Generation shift in indian army



New Delhi, Oct. 31: When the new vice-chief of the Indian Army takes charge tomorrow, he will herald a generational change in the top brass as he will be the first officer commissioned after India’s last full-fledged war in 1971 to rise to the post.
Lt Gen. S.K. Singh takes over from Lt Gen. A.S. Lamba who retired today after 40 years in service. As a young officer, Lt Gen.

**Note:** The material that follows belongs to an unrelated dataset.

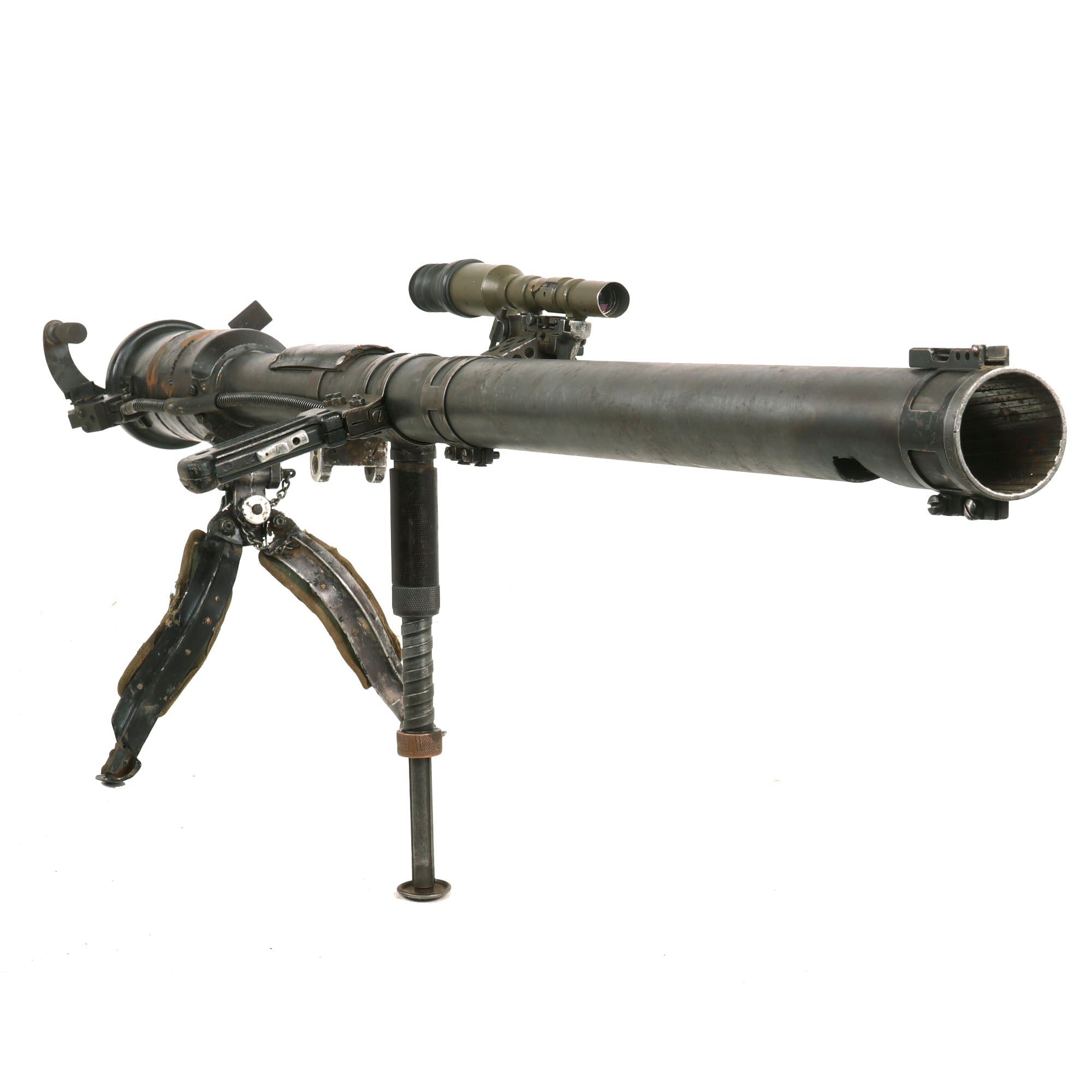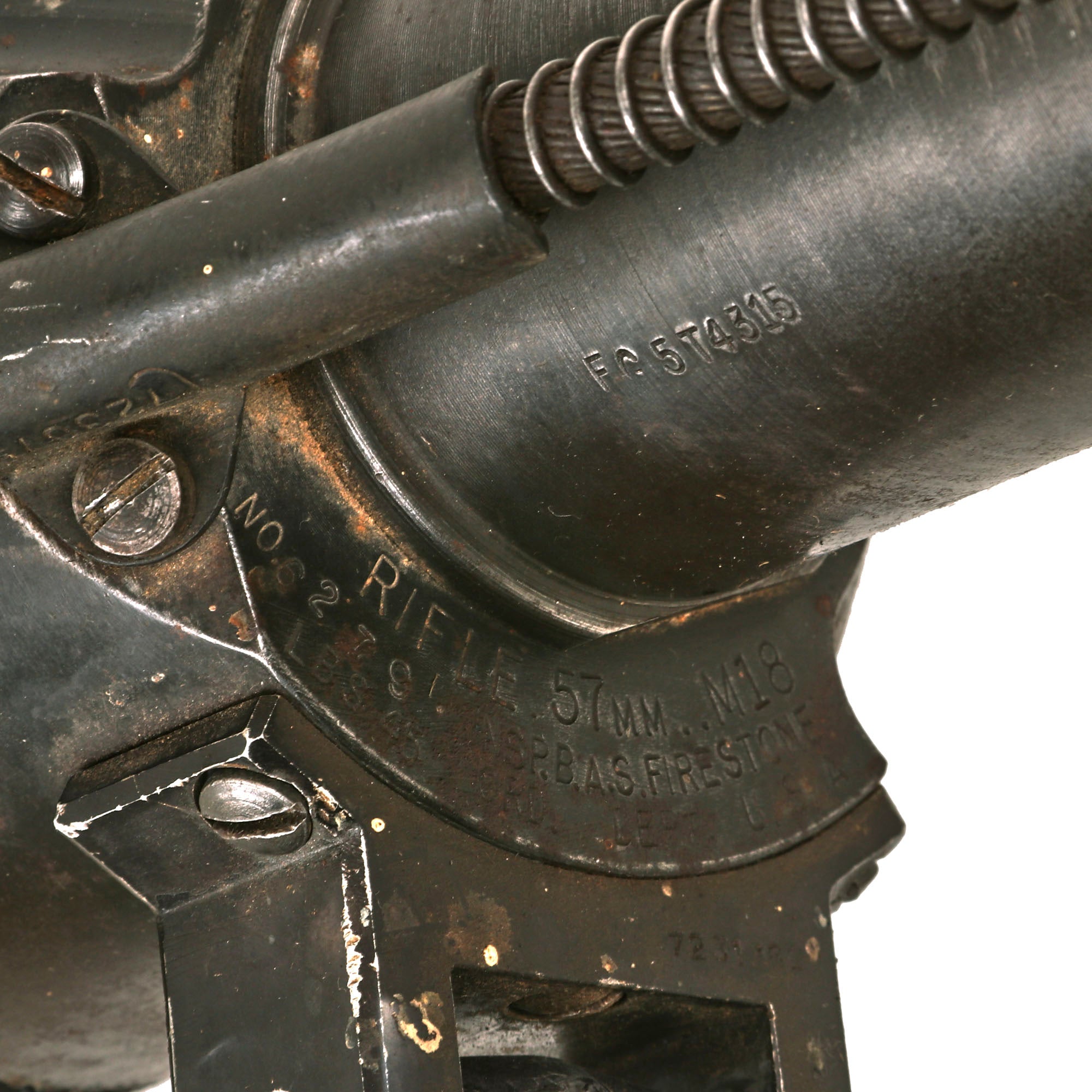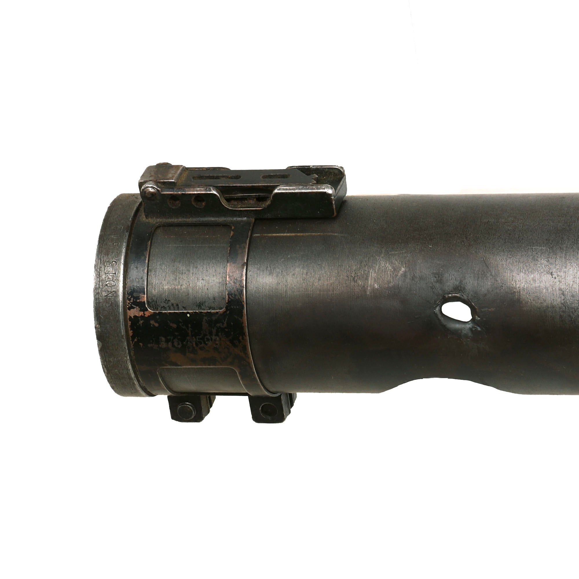 Original Item: Only One Available. This is an incredible find, only the third example we have ever offered, and possibly the best! A totally authentic World War Two M18 Recoilless Rifle, rendered totally inert (de-militarized) in compliance with BATF specifications. It has had the firing mechanism deactivated, a bore width hole cut through the bore, and steel cross pin welded across the breech to prevent loading. The housing at the rear was flame cut into three sections, and then partly welded back together for display. Not Available for Export.

Lamba became a war veteran within a couple of months of being commissioned in 1971.
He was a second lieutenant in his artillery unit that gave fire support to the Indian infantry in its dash through the Pakistani ranks on the Jessore-Khulna-Dhaka axis as the Indian Army charged into the then East Pakistan capital and forced the surrender on December 16 that year and midwifed the birth of Bangladesh.
With Lt Gen. Lamba retiring today, there are only four more officers in the Indian Army — including the chief, Lt Gen. V.K. Singh — who were commissioned into service in the year of India’s last full-fledged war.
After the war, Lt Gen. Lamba, who was commissioned into the Regiment of Artillery, converted to a paratrooper. Packing commanding authority into his diminutive figure, Lamba went into combat again in counter-insurgency in Nagaland and Manipur and with the Indian Peace Keeping Force in Sri Lanka.
“When you see action at such close hand when you are so young — I was barely 19-20 years of age in 1971 — there is little to be afraid of for the rest of your life,” he told The Telegraph in a recent conversation.
Lt Gen. Lamba commanded a Mountain Brigade, the 16 Infantry Division, the elite 21 Strike Corps and the Army Training Command headquartered in Shimla.
Lt Gen. S.K. Singh, who takes over as the vice-chief tomorrow, has commanded a brigade in the Siachen Glacier, an infantry division on the Line of Control, a corps in Jammu and Kashmir and the recently created South Western Command headquartered in Jaipur.
Lt Gen. S.K. Singh could have an unusually long tenure as the vice-chief — over two years. He is from the regiment to which the late Field Marshal Sam Manekshaw belonged, the 8 Gorkha Rifles, and is its colonel commandant.